PORTSMOUTH, N.H. – First it was flags. Then it was Christmas lights. Now, even lobsters are displaying patriotic colors.
In May, a rare blue lobster turned up about 80 miles off the coast of Kittery, Maine. In September, a Portsmouth fisherman caught an albino lobster in the Piscataqua River. The patriotic trilogy was completed earlier this month when a live red lobster turned up in a trap about five miles off the Isles of Shoals.
The odds of finding a blue lobster are about 1 in 2 million. For a live red lobster, it is about 1 in 10 million and for an albino lobster it is about 1 in 30 million.
Simple statistics explain the findings, said Diane Cowan, senior scientist at the Lobster Conservancy in Friendship, Maine.
Given that more than 50 million lobsters were caught off the New England coast last year, “you expect to see at least one” albino lobster, and even more of the less rare blue and red specimens
While the color of a lobster can be determined by genetics, it can also be determined by a lobster’s diet. Lobsters need to eat enough of a type of food that contains the pigment astaxanthin to maintain their natural color.
Cowan said the lobsters eat other fish that have digested plankton containing astaxanthin. The pigment bonds to the lobsters’ shells.
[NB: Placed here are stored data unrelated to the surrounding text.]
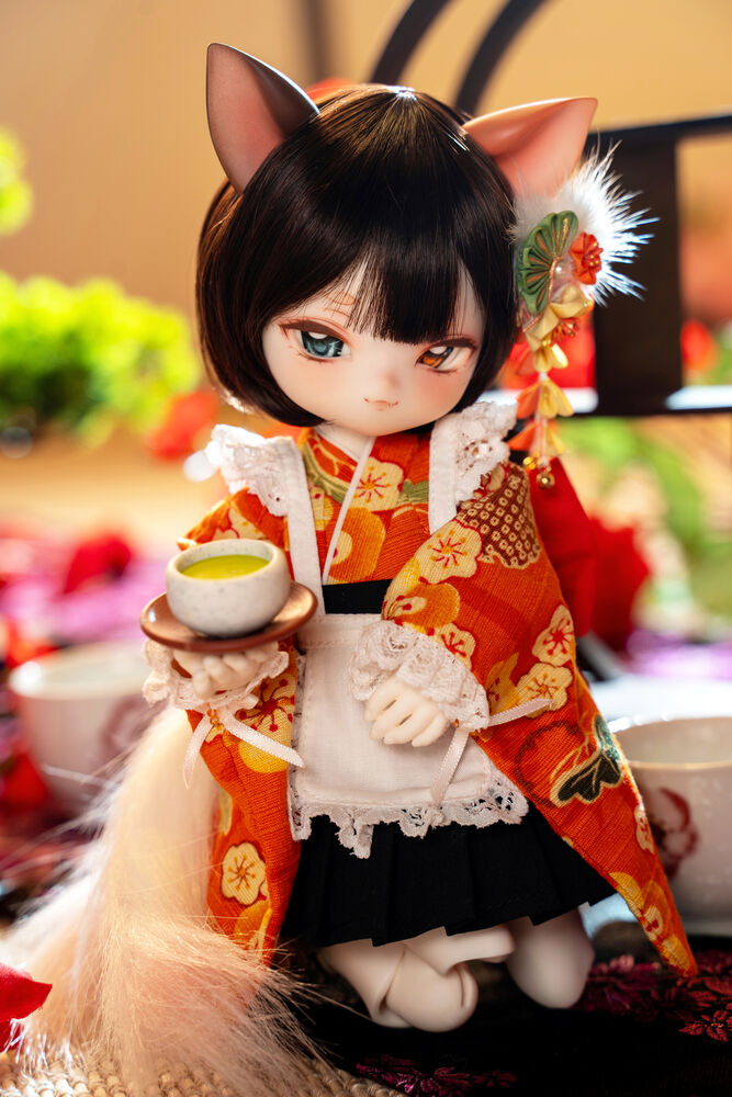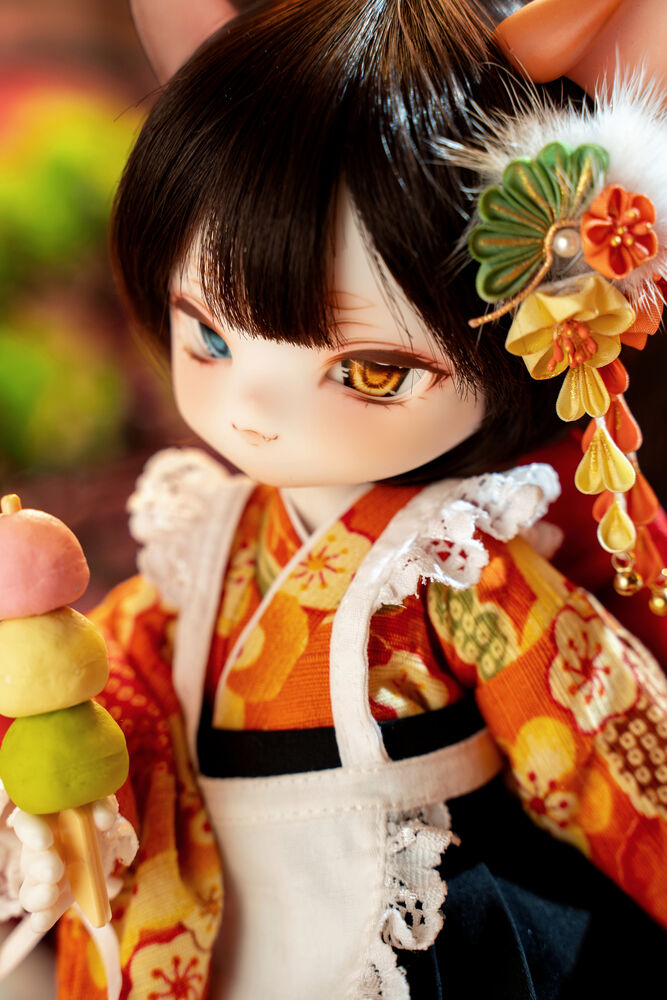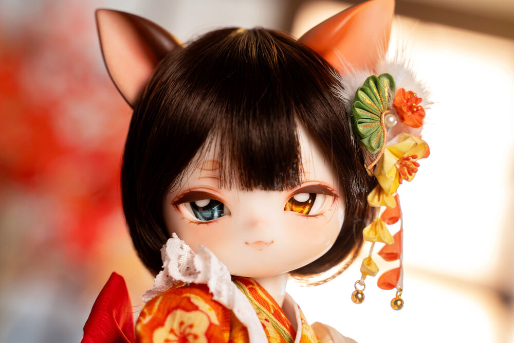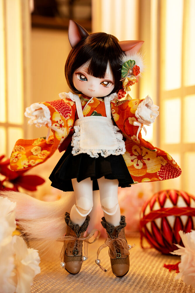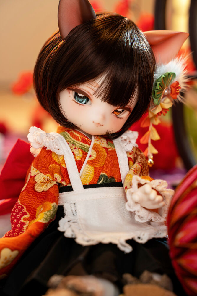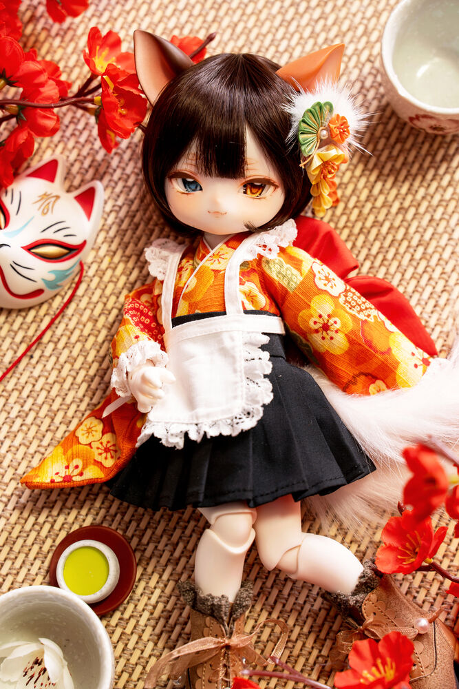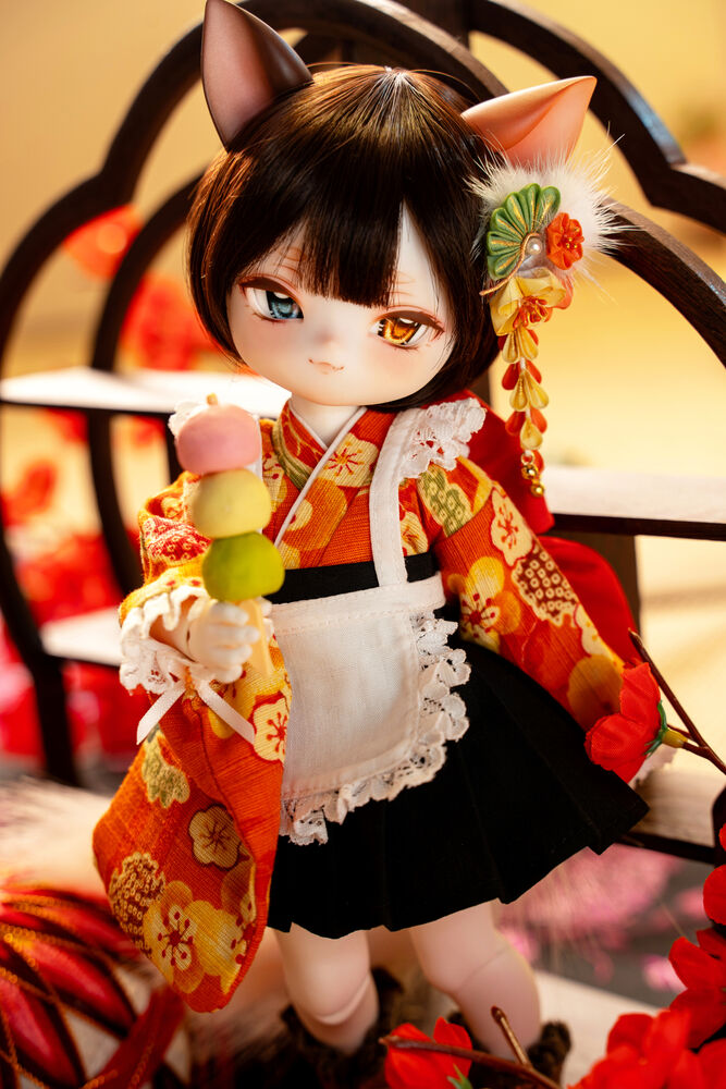 MYU's small 30cm body size has been beautifully crafted with attention to detail, including a kimono top that reproduces the light brown calico cat's fur, which can also be seen as orange, and the two tails that are essential to a nekomata.
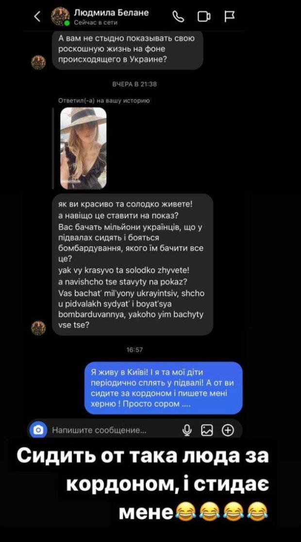 Певица молчать не стала. Она опубликовала скриншот сообщения некой Люды, и ответила ей. Звезда написала, что во время войны живет в Киеве. Когда русские оккупанты обстреливают Украину, она так же, как и все украинцы прячется от вражеских ракет.
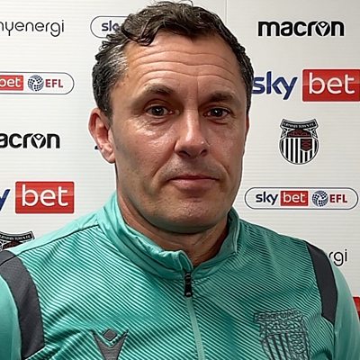 Paul Hurst speaks to Matt Dean after their defeat at Stevenage

When lobsters are cooked, all the pigment is destroyed except for the red-colored pigment. If lobsters do not get enough astaxanthin, they will not be the usual greenish-brown.
“You feed lobsters nothing but squid, that’s going to determine their colors,” she said.
Robert Bayer, executive director of the Lobster Institute at University of Maine’s Orono campus, said he thinks that more people are bringing these differently colored lobsters to the public because of the attention they receive in the media.
Lobsters that are a different color because of genetics can pass on the trait through breeding, Bayer said.
“It’s a genetic trait comparable to eye color in people,” he said.
The Science and Nature Center at the Seabrook nuclear power plant has been home to another blue lobster that was found in Maine last year.
The crustacean, dubbed “Chilly Willie” originally was donated to the Portland Children’s Museum. But officials transferred it to the Seabrook center because it had proved too disruptive to other sea creatures.
“He’s doing great,” said Alan Griffith, spokesman for Seabrook Station. “He’s adjusted quite nicely to his new environment.”
The center has been closed to the public since the Sept. 11 terrorist attacks, but Griffith said officials will reopen it as soon as possible.